L'accouchement par césarienne, bien que parfois nécessaire pour la santé de la mère et/ou du bébé, peut avoir des conséquences sur l'établissement du microbiote intestinal du nourrisson. Cet article explore l'impact de la césarienne sur le microbiote du bébé, les conséquences potentielles sur sa santé et les stratégies possibles pour atténuer ces effets.
Le microbiote : Un écosystème essentiel
Le microbiote, anciennement appelé "flore intestinale", est l'ensemble des micro-organismes (bactéries, virus, parasites et champignons) qui vivent en communauté dans un environnement déterminé. Nous vivons quotidiennement en compagnie de milliards de bactéries, et selon leurs localisations, on parlera de microbiote cutané, respiratoire, buccal, intestinal, vaginal, etc. Le microbiote intestinal, en particulier, joue un rôle crucial dans la digestion, le système immunitaire et le métabolisme en général.

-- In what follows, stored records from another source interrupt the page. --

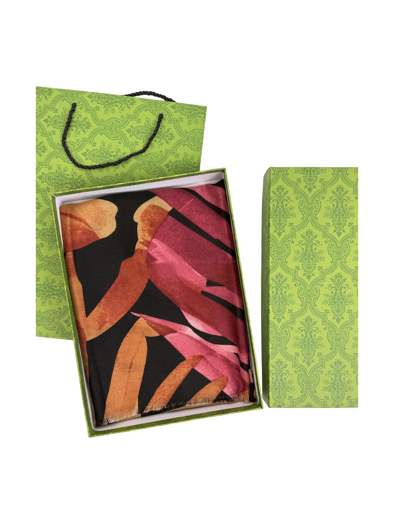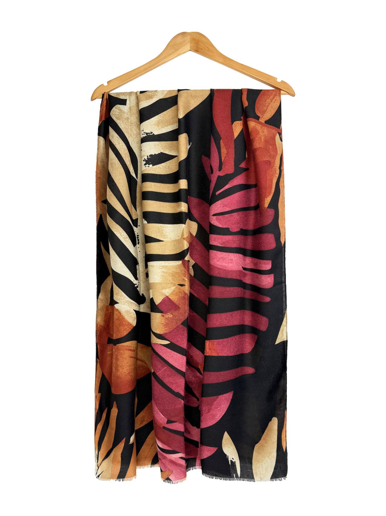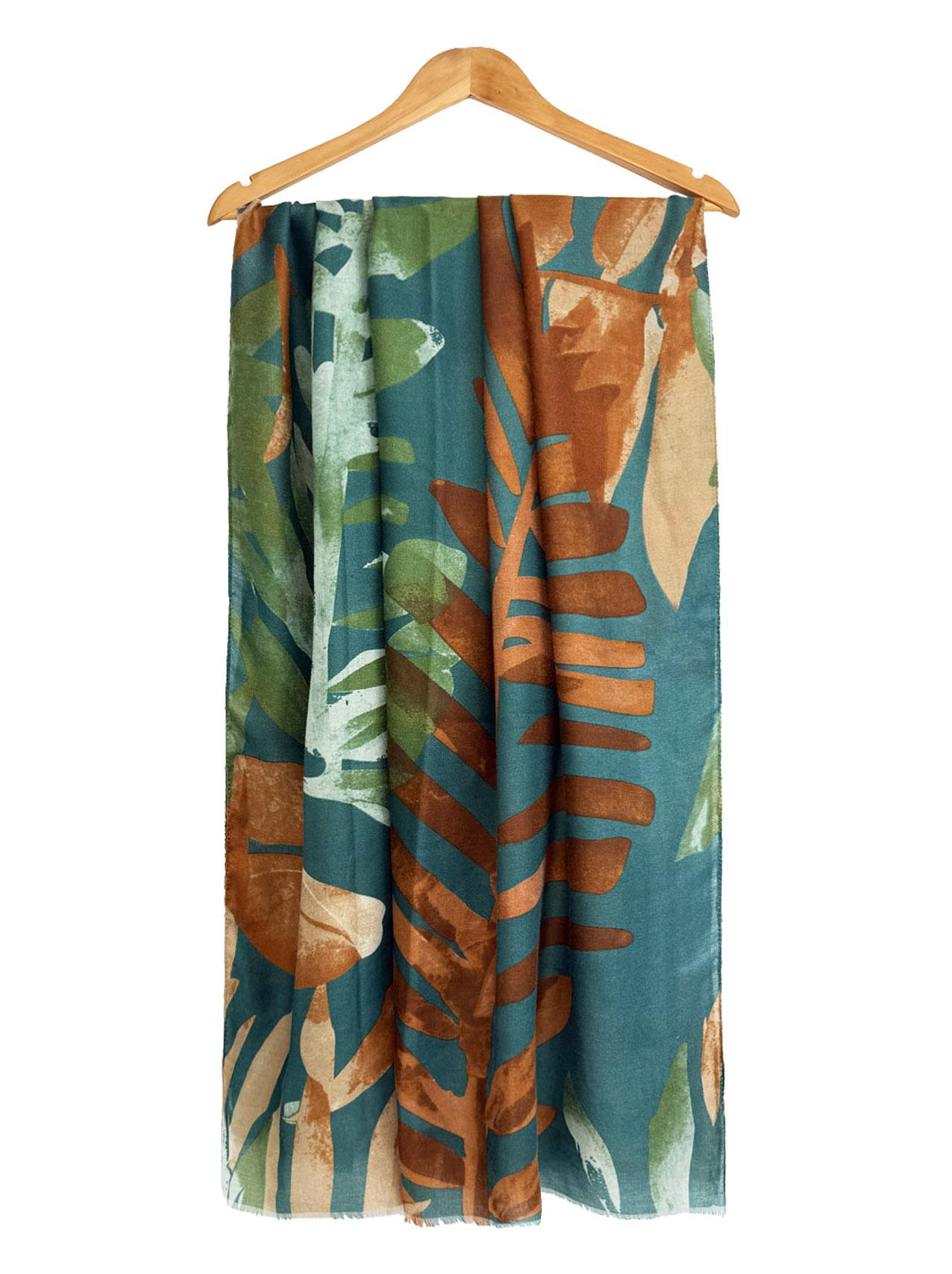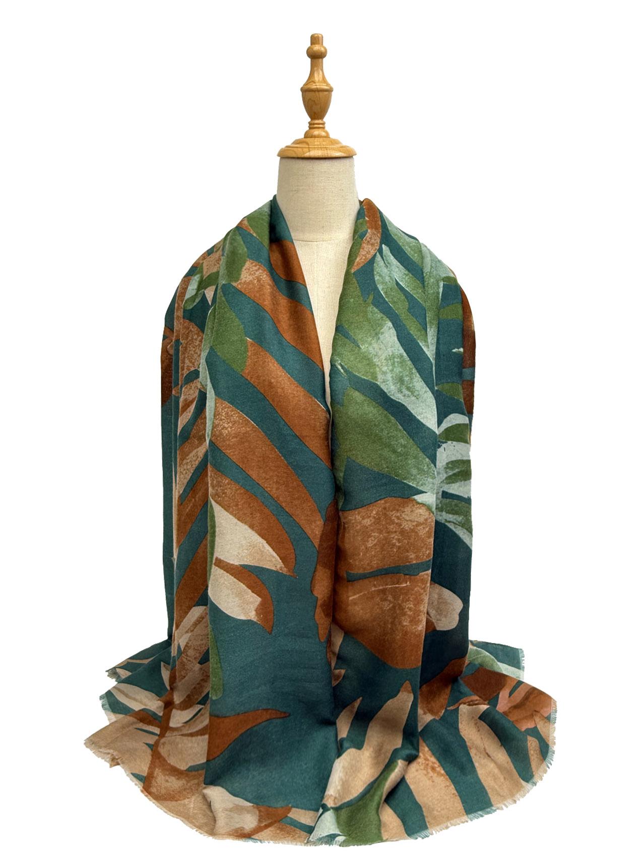 Elevate your winter style with this vibrant leaf print scarf. Perfect for adding a pop of color to your outfit, this scarf offers stylish warmth. The bold colors make it a standout accessory. Ideal for those seeking a fashionable yet cozy addition to their wardrobe.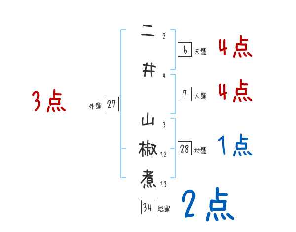 総運![]() | 二井山椒煮さんの総運は34画の2つ星!独創性に優れるが、自尊心が強く災難に注意しましょう。 あなたの人生を表す1番重要な運勢です。生涯を通じて影響する総合運となり、主に50歳以降の晩年期に影響を及ぼします。 |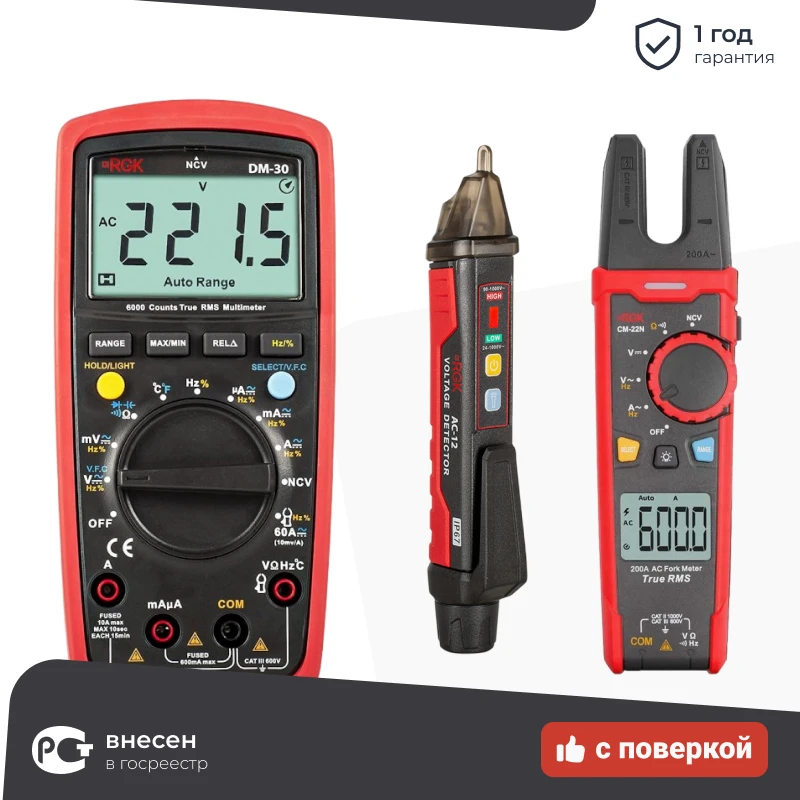 RGK DM-30 цифровой мультиметр с поверкой, с токовыми клещами CM-22N и индикатором напряжения AC-12 779654/721487/776394 в Екатеринбурге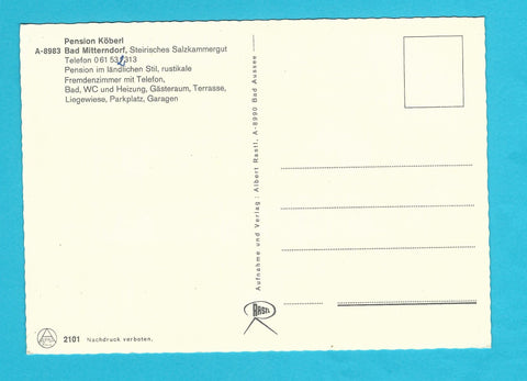 AK Bad Mitterndorf. Pension Köberl. Ungelaufen. Großformat. Verlag: Rastl. Nummeriert: 2101. Zustand: gut.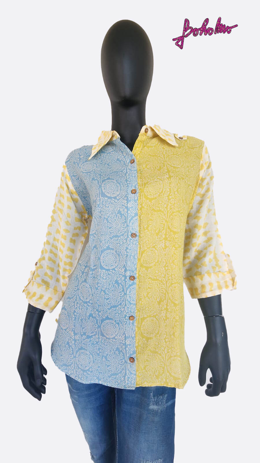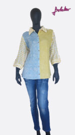 Mulmul shirt in mixed prints of yellow white and blue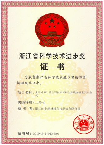 2020年7月17日,浙江省科学技术奖励大会在杭州隆重举行,昀丰科技“大尺寸LED蓝宝石衬底材料生产设备研发及产业化”项目喜获2019年度浙江省科技进步二等奖。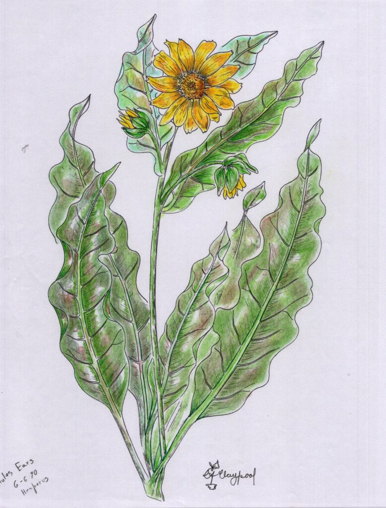 This evergreen shrub has shiny green leaves, pinkish blossoms and bright red edible, but tasteless berries. It blooms from May through June and grows on rocky and bare ground throughout the Southwest. The bark is a reddish brown and can grow to eight to ten inches and forms mats. The berries were a food source for Native Americans and wildlife and remained on the branches through winter. The plant was medicinal and also used as a smoking tobacco. The leaves were used as a treatment for kidney and bladder problems and still used today as a medicinal herb.21. Mules Ears (Wyethia arizonica) Sunflower or Asteraceae Family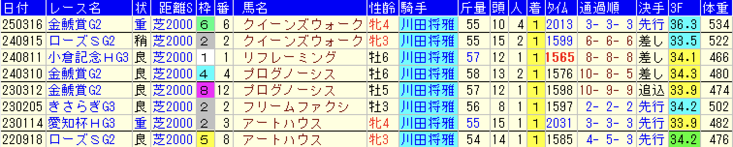 そんな高速馬場で川田騎手で逆噴射の可能性も怖くはあるのだが、この舞台の川田騎手の重賞成績は御覧の通りで驚愕の成績。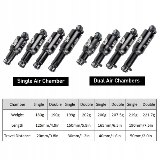 ☘Uwaga: ☘Przed zakupem zmierz rozmiar szoku w celu dopasowania. ☘Dane techniczne: ☘Materiał: stop aluminium ☘Kolor: czarny ☘Długość: 125mm/150mm/165mm/190mm (opcjonalnie) ☘Komora: pojedyncza/podwójna (opcjonalnie) ☘Lista pakietów: ☘1 * amortyzator ☘2 * Tuleje ☘4 * Śruby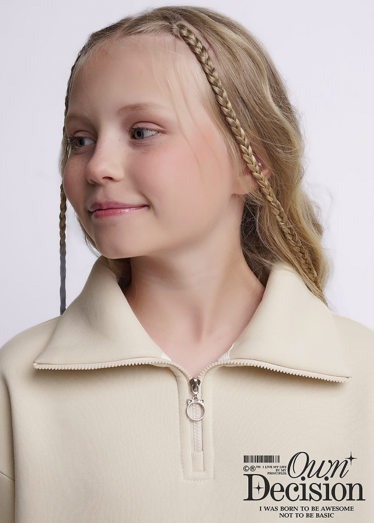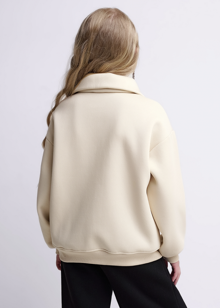 Мягкая тёплая толстовка из футера с начёсом идально подойдёт для прогулок в прохладную погоду. Модель дополнена уютным воротником- стойкой и короткой молнией спереди. Толстовка идеально подойдёт для создания стильного и практичного образа на каждый день!

La transmission du microbiote de la mère à l'enfant : Un processus clé
La transmission des micro-organismes de la mère à la progéniture est, chez les mammifères, le facteur le plus important pour la mise en place d’un microbiote équilibré. Cette transmission se produit principalement lors de l'accouchement par voie basse, où l'enfant reçoit les bactéries vaginales et fécales de la mère, qui vont ensuite coloniser progressivement son intestin et l’ensemble de ses muqueuses.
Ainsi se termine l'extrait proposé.